None of these are uniquely federal. Private-sector employees get sick days, vacation, health coverage, and severance too. The federal package sits on the more generous end of the distribution but not off the chart.
The private vs public comparison
Where private sector wins, clearly: the top end. Federal executive base salary peaks at around $260K for an EX-05 (Assistant Deputy Minister, the top of the EX scale), or roughly $310K including the at-risk performance pay band. Equivalent senior roles at the big banks, Crown corp executive tiers, or senior tech compensate well past that, often by a factor of two or three once equity and bonuses are included. Counter-offers, performance bonuses, and equity grants don't really exist in the federal world with a rigid salary ceiling. If you're top-quartile and ambitious, the federal ceiling will frustrate you quickly.
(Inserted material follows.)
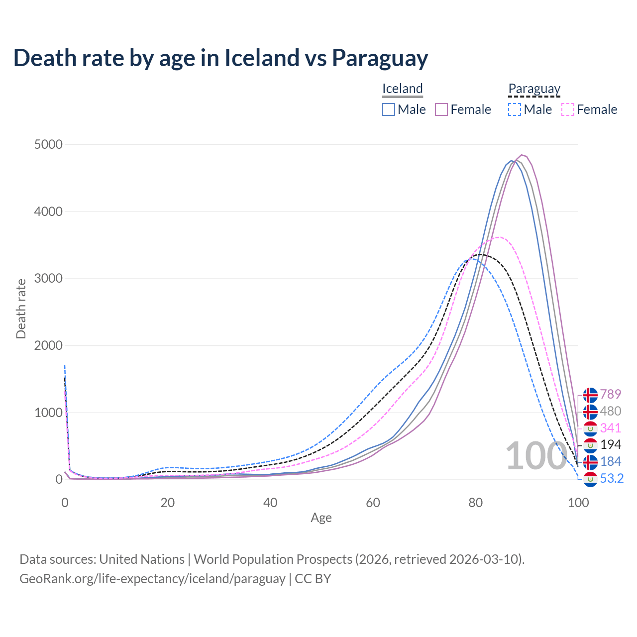 This life expectancy calculator shows the odds of living to 100, 95, 90, and below based on current age for both males and females in Iceland and Paraguay, along with mean and median age of death. The calculations are based on the 2026 life tables (actuarial tables) from the UN World Population Prospects.

Where private sector also wins: mobility (federal jobs are concentrated in Ottawa, with limited regional flexibility), autonomy (large bureaucracies have large bureaucratic constraints), and speed of promotion (federal classification systems do not move fast).
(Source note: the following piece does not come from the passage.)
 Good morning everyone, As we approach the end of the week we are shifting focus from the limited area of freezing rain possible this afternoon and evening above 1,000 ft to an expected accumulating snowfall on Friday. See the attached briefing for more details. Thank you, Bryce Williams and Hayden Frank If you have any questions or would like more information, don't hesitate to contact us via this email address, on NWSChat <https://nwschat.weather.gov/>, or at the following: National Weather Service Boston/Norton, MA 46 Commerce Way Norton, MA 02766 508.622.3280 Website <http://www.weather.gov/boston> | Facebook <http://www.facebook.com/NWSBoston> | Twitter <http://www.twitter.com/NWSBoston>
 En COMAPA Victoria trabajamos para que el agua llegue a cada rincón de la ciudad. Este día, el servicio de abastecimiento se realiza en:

Where government is competitive: the mid-career band, roughly $80,000 to $150,000 gross, for people who place high value on the pension and predictability. A mid-career EC-05 or IT-03 in Ottawa is doing roughly as well as a comparable mid-level role at a bank or Crown corporation, once you fold in the pension and benefits, and is doing better than most private-sector knowledge work outside the top tech and finance firms.
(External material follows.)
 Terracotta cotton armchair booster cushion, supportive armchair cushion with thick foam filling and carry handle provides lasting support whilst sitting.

Households where both partners work federally compound the effect, for better and worse. Better because the pension income stacks in retirement. Worse because both careers are tied to the same employer's pay scale, policy environment, and Ottawa-centric geography.
How to plug this into your retirement plan
If you're a federal employee doing retirement math, here's the order I'd suggest:
- Start with the pension, not the savings. Estimate your best-five average and years to retirement, multiply 2% x years x average. That is your baseline indexed income for life, if you make it to vesting and through the years-of-service threshold. Layer CPP and OAS on top.
- Don't bet on the pension if you might leave early. If you're under 15 years of service or under 60, and considering a private-sector move, the pension's present value to you is generally much lower than the headline number suggests.
- Treat your TFSA and RRSP as inflation hedges and discretionary top-ups, not the core. The pension covers the floor. Your private savings cover lifestyle, taxes, and the gap between retirement and 65 if you retire early.
- Plan the CPP timing carefully. The PSPP drops at 65 to make room for CPP. If you delay CPP past 65 to get a bigger benefit, your total income takes a multi-year dip before the larger CPP cheques arrive.
If you're not a federal employee but you're advising one (or partnered with one), the same logic applies. The pension is the central asset and the hardest to compare to a normal portfolio. Everything else is supporting structure.
For exact numbers on your own level and step, fedpay.ca/take-home has a calculator that handles federal tax + provincial tax + CPP + PSPP. It doesn't yet model union dues or DI (those vary by bargaining unit), but it gets you most of the way there.